ASSIGNED TASK
Write out a word-for-word repetition of the lines that come before the line containing "When merged in" in the listing below, along with that line itself, omitting pictures.

SOURCE MATERIAL
------------------------------------

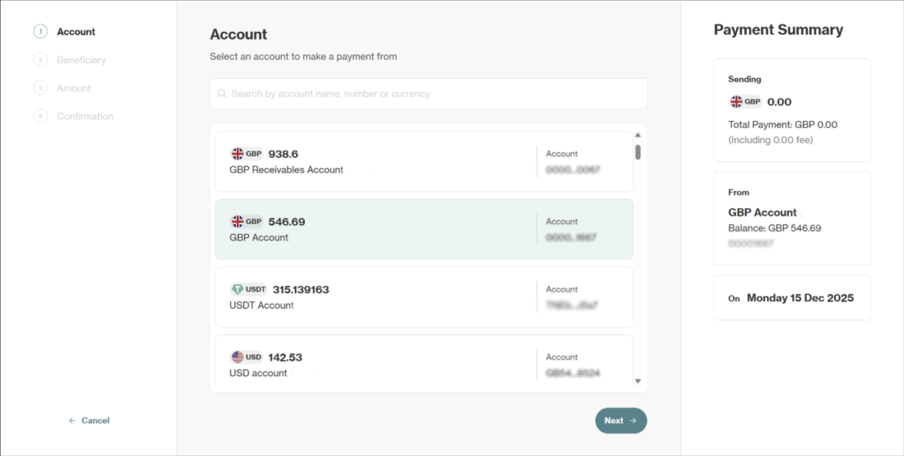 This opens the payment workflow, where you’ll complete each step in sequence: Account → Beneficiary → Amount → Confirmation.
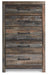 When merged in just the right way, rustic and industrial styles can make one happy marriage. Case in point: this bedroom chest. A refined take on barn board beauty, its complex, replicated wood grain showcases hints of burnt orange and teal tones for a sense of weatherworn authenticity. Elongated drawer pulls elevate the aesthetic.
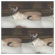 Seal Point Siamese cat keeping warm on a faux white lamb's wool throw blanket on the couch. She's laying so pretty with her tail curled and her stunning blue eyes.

------------------------------------

SOLUTION TO THIS TASK
 This opens the payment workflow, where you’ll complete each step in sequence: Account → Beneficiary → Amount → Confirmation.
 When merged in just the right way, rustic and industrial styles can make one happy marriage. Case in point: this bedroom chest. A refined take on barn board beauty, its complex, replicated wood grain showcases hints of burnt orange and teal tones for a sense of weatherworn authenticity. Elongated drawer pulls elevate the aesthetic.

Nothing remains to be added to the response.